According to our results, SEE between CT(It is our gold standard and true CP based on description of CP) vs. CP1, CP2, CP3, CP4, CP5, was between 13-15 W.
As the power outputs of cyclists were high, CV's were under 5%.
As we knew, Critical power is so sensitive threshold and some studies showed "the metabolic steady state impairs when athletes exercise above critical power (15W above Critical Power). However, our study showed that VO2 at CT+15 reached VO2peak.
As you said "It may be large difference in reality"
How can we believe 15 W SEE is not important and makes it valid because the models have CV under 5%.
Hence, May ıt be better to evaluate result of SEE or CV% according to specific topic ( like Critical Power)?
If I understand it correctly, yes I calculated individual SEE derived from each mathematical modelling. Each models fit well (R2>0,96 and %5>SEE%)
Refik Cabuk , I think it's important to be clear what CV means in a linear model. It assesses the variation in comparing the predicted y values and the actual y values. But it doesn't say anything about whether the x values and y values are similar in magnitude.
As an example, take, x = (1, 2, 3, 4, 5) and y = (6, 7, 8, 9, 10.1). The two are strongly correlated. The r-square of the linear model will be high. And the cv is < 1%. But none of this tells you if x and y and similar in magnitude.
Bettina Karsten thanks for the articles. I almost read them.
But I need to note an important point (as implied by Salvatore). One's aim when performing a method comparison study is to compare the two methods (x:candidate and y:gold standard) and see if they agree.

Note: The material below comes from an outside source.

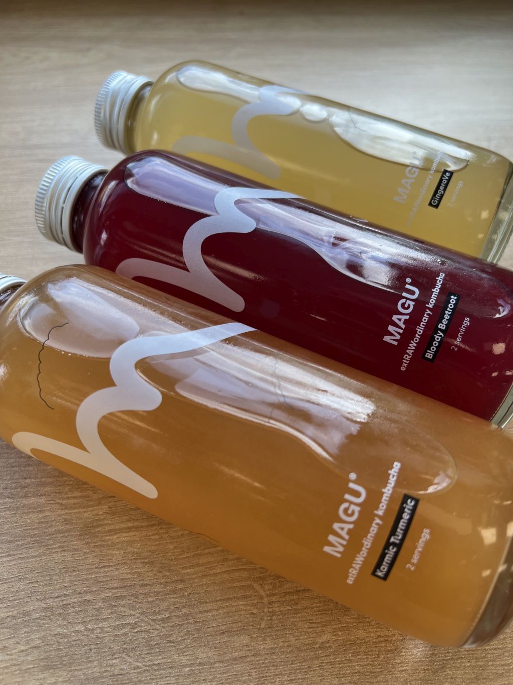 Tie v MAGU premenia po viac ako 5-týždňovej fermentácii pôvodný čajový nálev na živý produkt tvorený miliardami probiotických baktérií, polyfenolmi, aktívnymi enzýmami a organickými kyselinami. MAGU nie je pasterizovaná, filtrovaná ani konzervačne upravovaná, preto musí byť skladovaná v chladničke. A aké príchute ponúka? Napríklad zázvorovo-limetkovú, zázvorovo-mrkvovú s kurkumou alebo pomarančovo-repovú so zázvorom.

It is not his/her aim to find out if one method (x) "predicts" the gold standard (y) or find the degree of prediction.
So the question of how the predicted values (yhat) are close to real values of gold standard (y) (which is what SEE reveals) is not one's objective. Rather he/she wants to reveal the bias (differences of x and y, not the differences of yhat and y). SEE is about prediction and can have a limited usage in a method comparison framework.
A close look at the BA plots provided by the poster shows that methods CP1-4 underestimate the gold standard CT (look at the graphs including the 45 degree lines). I am curious if and how regression will reveal these insights.
If the standard error rate is below 5 percent, the x method may be an alternative to the gold standard method. The %5 CV rule in Linear regression is authoritarian and popular analysis method for agrement, validity and reliability studies, like Bland-Altman. In my opinion, When I evaluated results of analysing method (Linear regression, Bland-Altman and Paired Sample T test) and my results, I started to think of "If the difference smaller like my results (312W vs 326W) (please see the previous messages for the details), It may gives conflicting results (between 5% CV rule and Bland Altman or Paired)". But, no any study reported like this conflicting results. I wonder whether I am the first person about this conflicting results.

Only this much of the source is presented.